A company’s differentiated product will appear more attractive relative to substitutes, thus reducing the threat of substitutes. If suppliers increase their prices, a company with a differentiated product can pass that cost to its customers, thus reducing the threat of suppliers. Since a company with a differentiated product competes as a quasi-monopoly in its market segment, there is a reduced threat of buyers. With all of Porter’s Five Forces lower, a company may see economic value from a product differentiation strategy.

A company attempts to make its strategy a sustained competitive advantage. For this to occur, a product differentiation strategy that is economically valuable must also be rare, difficult to imitate, and the company must have the organization to exploit this. If there are fewer firms differentiating than the number required for perfect competition dynamics, the strategy is rare. If there is no direct, easy duplication and there are no easy substitutes, the strategy is difficult to imitate.

There are four primary organizing dilemmas when considering product differentiation as a strategy. They are as depicted below.

To resolve these dilemmas, there must be an appropriate organization structure. A U-Form organization resolves the inter-functional collaboration dilemma if there are product development and product management teams. Combining the old with the new resolves the connection to the past dilemma. Having a policy of experimentation and a tolerance for failure resolves the commitment to market vision dilemma. Managerial freedom within broad decision-making guidelines will resolve the institutional control dilemma.

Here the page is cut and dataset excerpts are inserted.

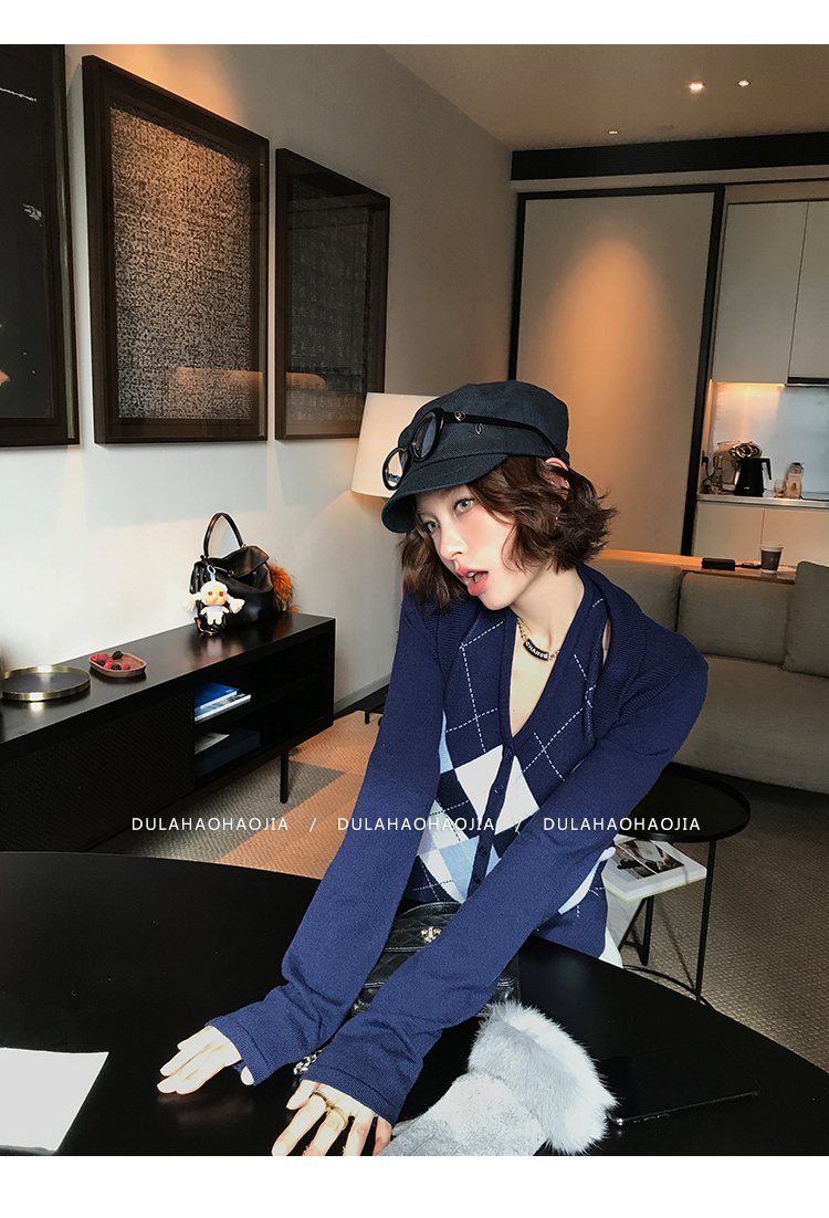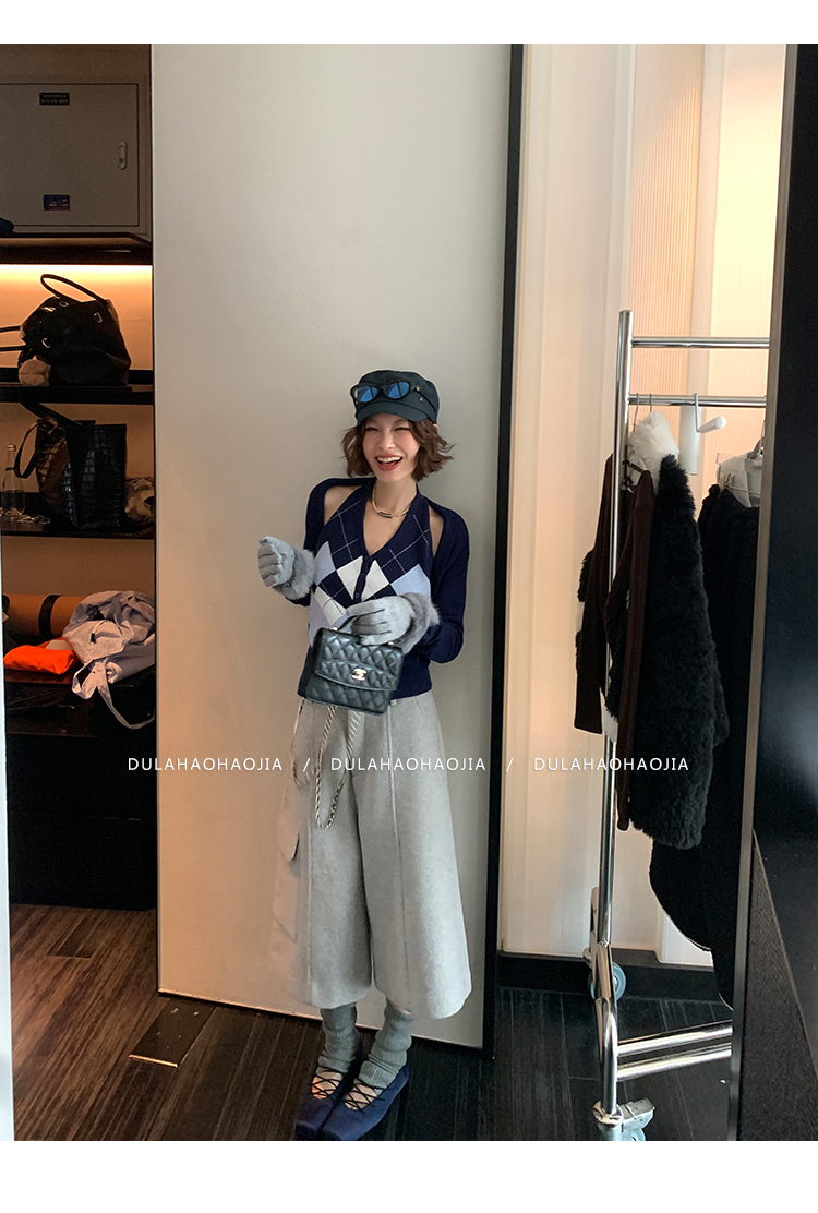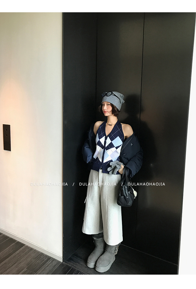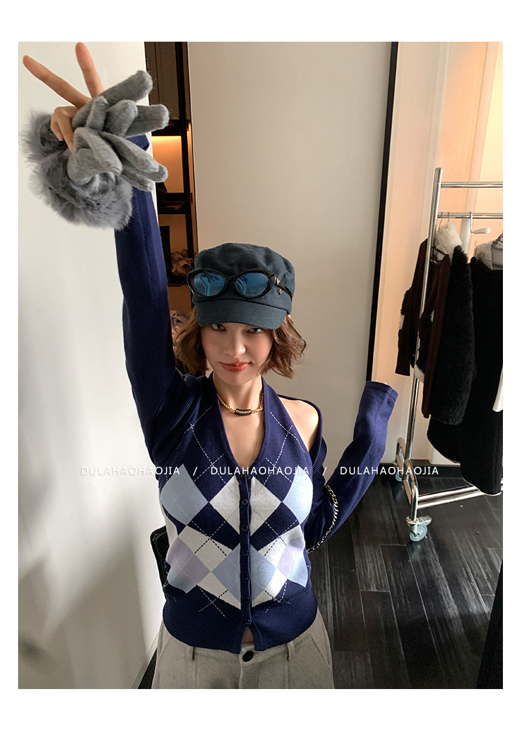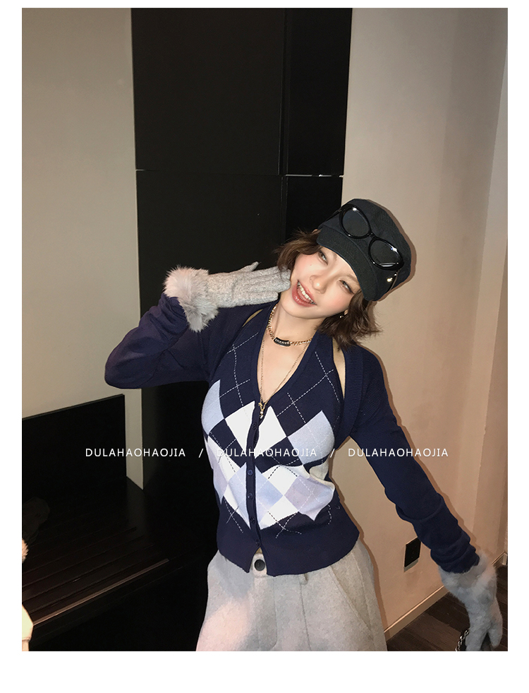 DULA Checkerboard Knit Tank Top + Shawl Set
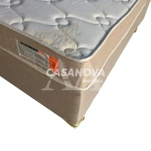 Molejo estrutural com mola tipo ensacada 179 molas p/m2, suporte médio do molejo 245 Kg/m2 e bitola do arame de 2,0mm. 1 lâmina de poliéster expandido (EPS) com espessura de 8 cm
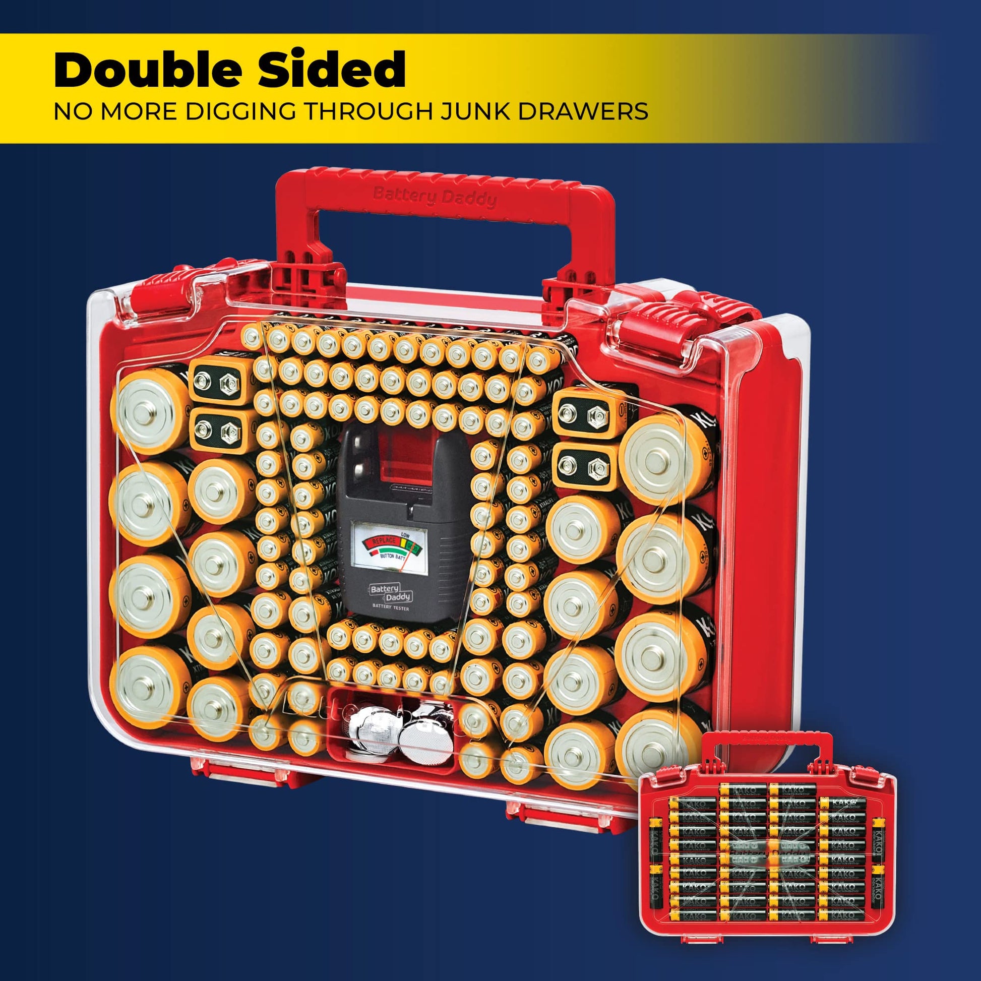 • Sleek and Compact Design: Battery Daddy uses both sides to store up to 150 batteries of all types. Holds 58 AAs, 68 AAAs, (4) 9 Volt, 8 Cs, 8 Ds, & 8 Button Cells. Easily stores away in any drawer. Includes Battery Tester
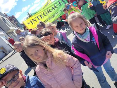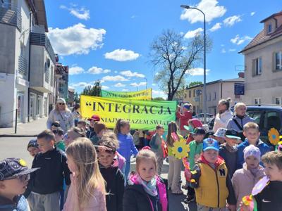 Przedszkolaki z grupy Kosmoludki wzięły udział w pochodzie na rzecz godności Osób z niepełnosprawnością intelektualną zorganizowanym przez PSONI w Kamieniu Pomorskim. Spotkanie miało na celu zwrócenie uwagi na godność każdego człowieka oraz uwrażliwienie społeczeństwa na potrzeby osób niepełnosprawnych. Mieszkańcy miasta, przedstawiciele władz oraz placówek oświatowych podkreślili w ten sposób swoją solidarność z osobami niepełnosprawnymi.
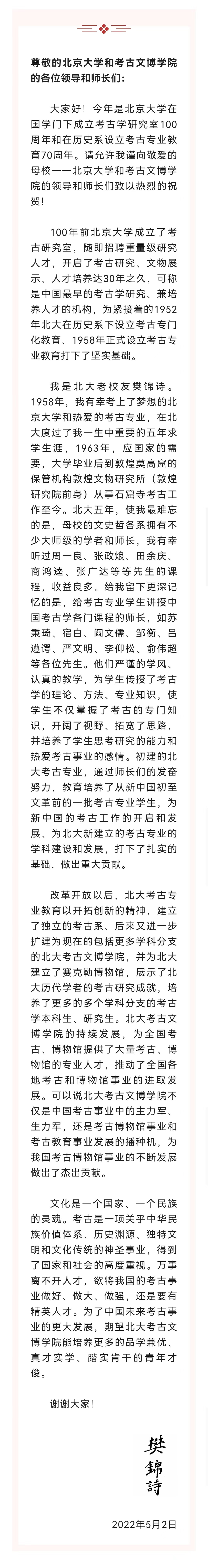 中國網5月6日訊 今年是北京大學成立考古學研究室100周年和在歷史系設立考古專業教育70周年。作為北大校友,敦煌研究院名譽院長、著名學者樊錦詩致信祝賀。以下為賀信全文:
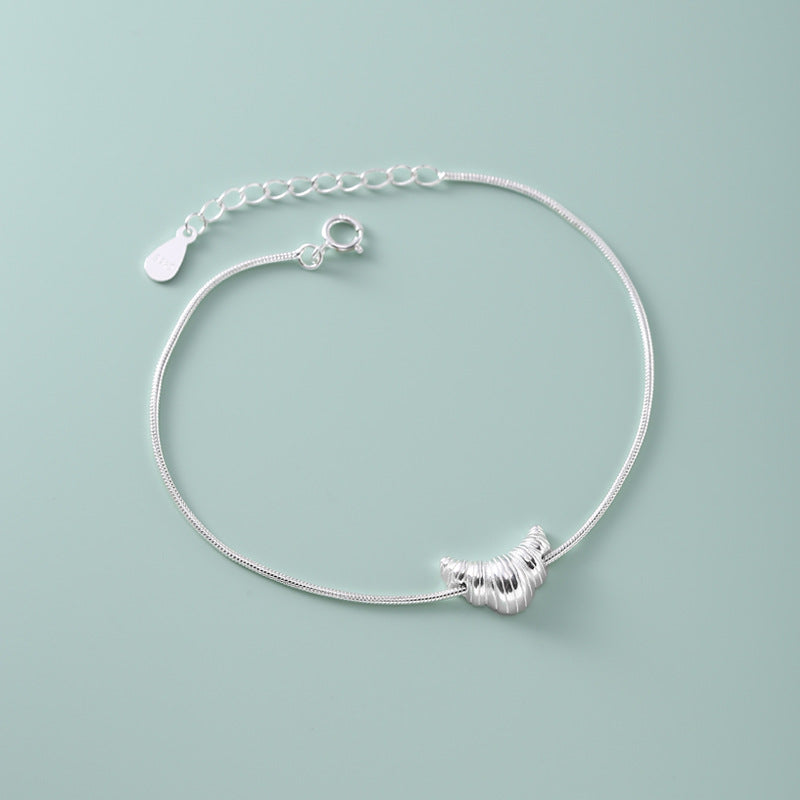 Sterling Silver Croissant Pendant Snake Chain Bracelet
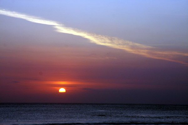 金巴兰离库塔地区不是很远,却是另个天地,很朴实的小渔村,很宁静,天色很兰,海水也兰。我们住的地方非常好,宁静、干净、美丽,出门就是海。夜晚这里是最美丽的,以海上落日著称。傍晚开始,整个海滩都是餐桌,点着蜡烛,适合恋人,不时有人来唱歌,不过要给小费。在这里吃饭只能求饱,如果你点大餐价格比较贵,还要另外的服务费和税。点个椰子,超大。一直可以喝到皎洁的月光下听着、看着海浪敲打着海岸。在金巴兰出海是个非常好的路线,可惜我们时间少了,取消这个计划。
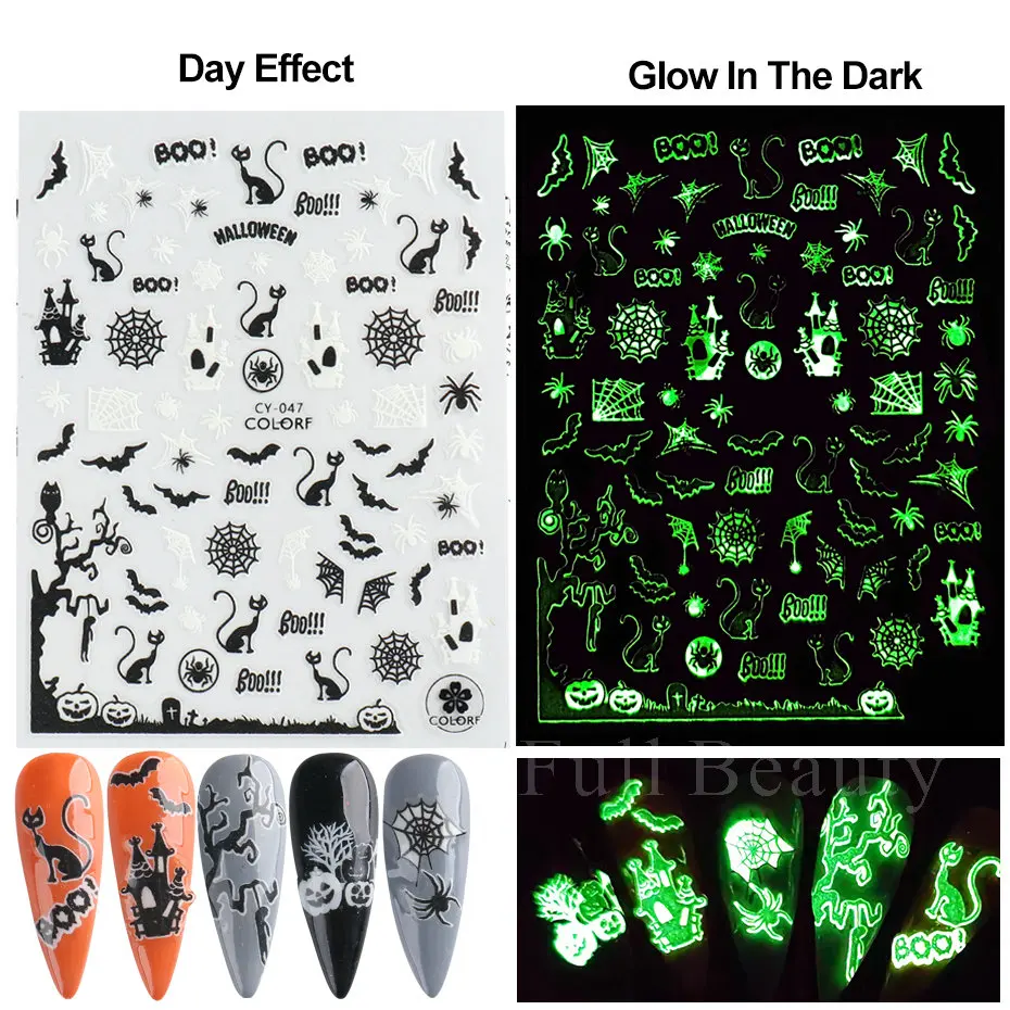 Стиль: 3D светящиеся наклейки для ногтей
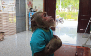 The morning sun filtered softly through the thin curtains, casting a warm glow across the small room. On the bed, little Bibi, the baby monkey, stirred and stretched her arms …
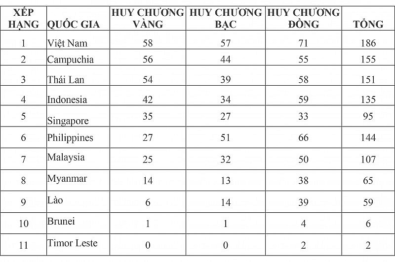 BẢNG TỔNG SẮP HUY CHƯƠNG SEA GAMES 32 – NGÀY 12/5:
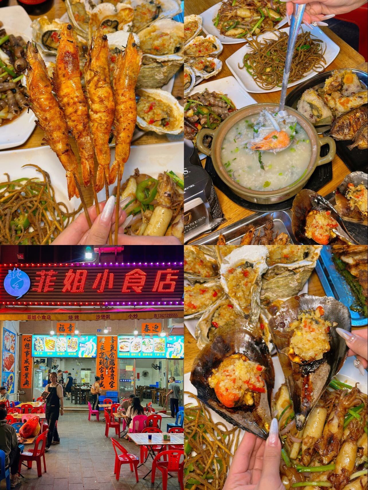 本地人推荐的一家烧烤老店,物美价廉,泥虫海鲜粥,用料很足口感丰富,还有越嗦越上头的辣炒钉螺,超大个的海鲜鲍鱼粽都好吃

Five leadership roles will facilitate the innovation process: Institutional Leader, Critic, Entrepreneur, Sponsor, and Mentor. The institutional leader creates the organizational infrastructure necessary for innovation. This role also resolves disputes, particularly among the other leaders. The critic challenges investments, goals, and progress. The entrepreneur manages the innovative unit(s). The sponsor procures, advocates, and champions. The mentor coaches, counsels, and advises.

Apple had issues within its organization. In 1997, when Apple was seeking a CEO acceptable to Steve Jobs, Jean-Louis Gassee (then-CEO of Be, ex-Products President at Apple) commented, “Right now the job is so difficult, it would require a bisexual, blond Japanese who is 25 years old and has 15 years’ experience!” Charles Haggerty, then-CEO of Western Digital, said, “Apple is a company that still has opportunity written all over it. But you’d need to recruit God to get it done.” Michael Murphy, then-editor of California Technology Stock Letter, stated, “Apple desperately needs a great day-to-day manager, visionary, leader and politician. The only person who’s qualified to run this company was crucified 2,000 years ago.”

Since Jobs took over as CEO in 1997, Apple seems to have resolved the innovation dilemmas, evidenced by their numerous innovations. To continue a product differentiation strategy, Apple must continue its appropriate management of innovation dilemmas and maintain the five leadership roles that facilitate the innovation process.

Strategic Alliances

Apple has a history of shunning strategic alliances. On June 25, 1985, Bill Gates sent a memo to John Sculley (then-CEO of Apple) and Jean-Louis Gassee (then-Products President). Gates recommended that Apple license Macintosh technology to 3-5 significant manufacturers, listing companies and contacts such as AT&T, DEC, Texas Instruments, Hewlett-Packard, Xerox, and Motorola. (Linzmayer, 245-8) After not receiving a response, Gates wrote another memo on July 29, naming three other companies and stating, “I want to help in any way I can with the licensing. Please give me a call.” In 1987, Sculley refused to sign licensing contracts with Apollo Computer. He felt that up-and-coming rival Sun Microsystems would overtake Apollo Computer, which did happen.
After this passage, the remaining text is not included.